Part of the perspective that the books offers is the idea that the competition to stay in the middle class has gotten fiercer and more competitive. At the same time (and correlated with the increased competition), the landscape on which this economic battle is taking place has shifted rapidly - the edges have gotten sharper. It is this latter idea that I want to explore a bit further. Hard and soft edges. I often think about this metaphor and I think it makes for a very simple mental model to use to attempt to understand differences in categorically similar entities.

I got the phrase from someone’s description of the differences between StarCraft: Brood War and StarCraft II, two video games that are very dear to my heart. The older game, Brood War, was described to have many hard edges. These were elements of the game that, not understood properly or not sufficiently addressed, would lead to immediate and disastrous consequences. For instance, not understand that the forge, when placed above a gateway, had different properties than when placed below a gateway, despite there being no signal that this was the case, could and would lead to immediate losses. In StarCraft II, this is no longer the case and the properties of the buildings are as stated on the box. This concept applies to many games, especially those with sequels. Super Smash Brothers Melee is a game with more hard edges than Super Smash Brothers Ultimate. Dark Souls vs. Dark Souls 3.

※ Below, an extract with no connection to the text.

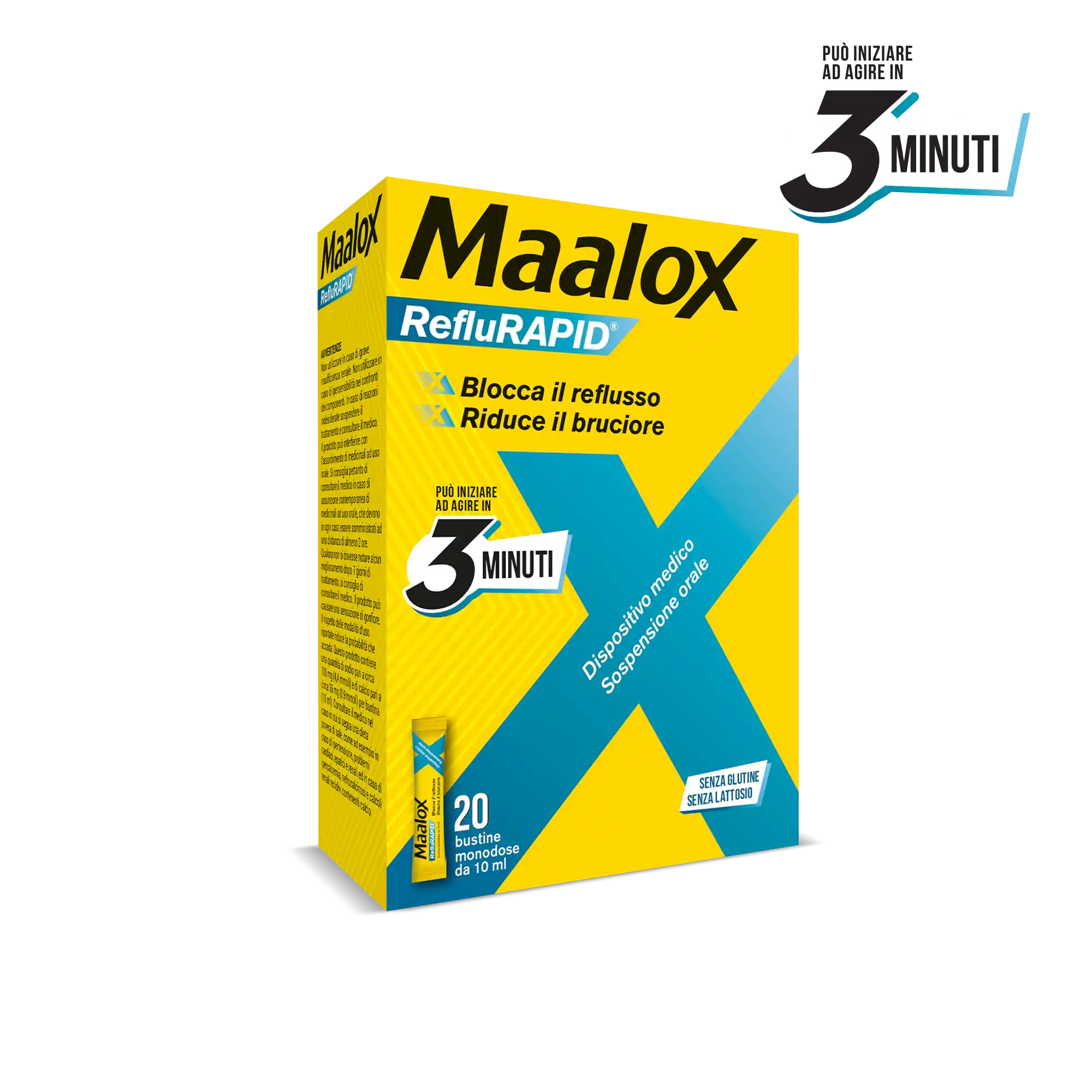 Maalox RefluRAPID è un dispositivo medico per il trattamento del reflusso gastroesofageo e del bruciore di stomaco. Contiene sodio alginato, bicarbonato di sodio, sodio carbonato e calcio carbonato che proteggono la mucosa dell’esofago dagli acidi.
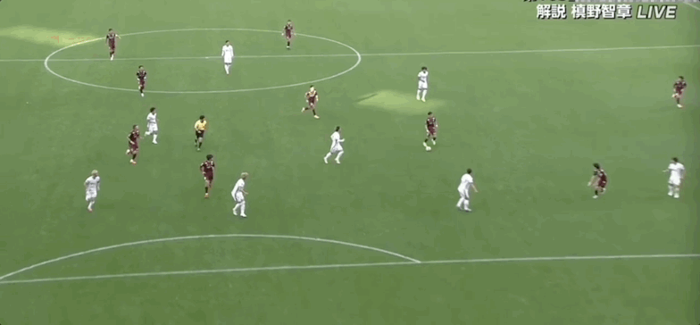 12' คิโนชิตะ โคสุเกะโหม่งบอลในโซนสามวินาที แล้วบอลหลุดออกจาก ขอบเขต

But as I was explaining this analogy to a manager in my org, he made the comparison to cars, old and new. Modern cars have fewer hard edges compared to vintage cars, or so I am told. As my day job relates to programming languages, I made the comparison to programming languages. C has often been a language described as giving you enough rope to hang yourself with. Scratch, on the other hand, is a language that we give young children to guide them into understanding loops and variables.

In all of these cases, hard and soft edges speaks to one aspect of these matters, namely the difference of experience. I do not think that it determines whether one is better than another. Even though both (whether something is better and whether one experience is different) are subjective opinions, I think hard and soft edges describes something a bit more objective than whether one is better than the other. This is why I like using this conceptual tool. It helps bring my personal subjective experience (this game is harder) away from the fully subjective opinion realm and tie it to objective qualities (there are differences in building placement that do not exist in the second game).

This concept is something that I think The Two-Income Trap does very well, even if it does not explicitly use those terms. After reading the book, I am left with a sense that the modern economy has been transformed into an economy with more hard edges where the previous economy had more soft edges. This translates into an experience, that, though many Americans face, is one that I did not fully understand. Though I am convinced that it would be a boon in American happiness and long term political stability to move towards an economy with more soft edges, the book did not convince me that the policies that Warren lays out are sufficient or will achieve the desired results. After all, understanding the hard edges of the world, which the book has helped me do, still seems a long ways away from saying what to do to change them.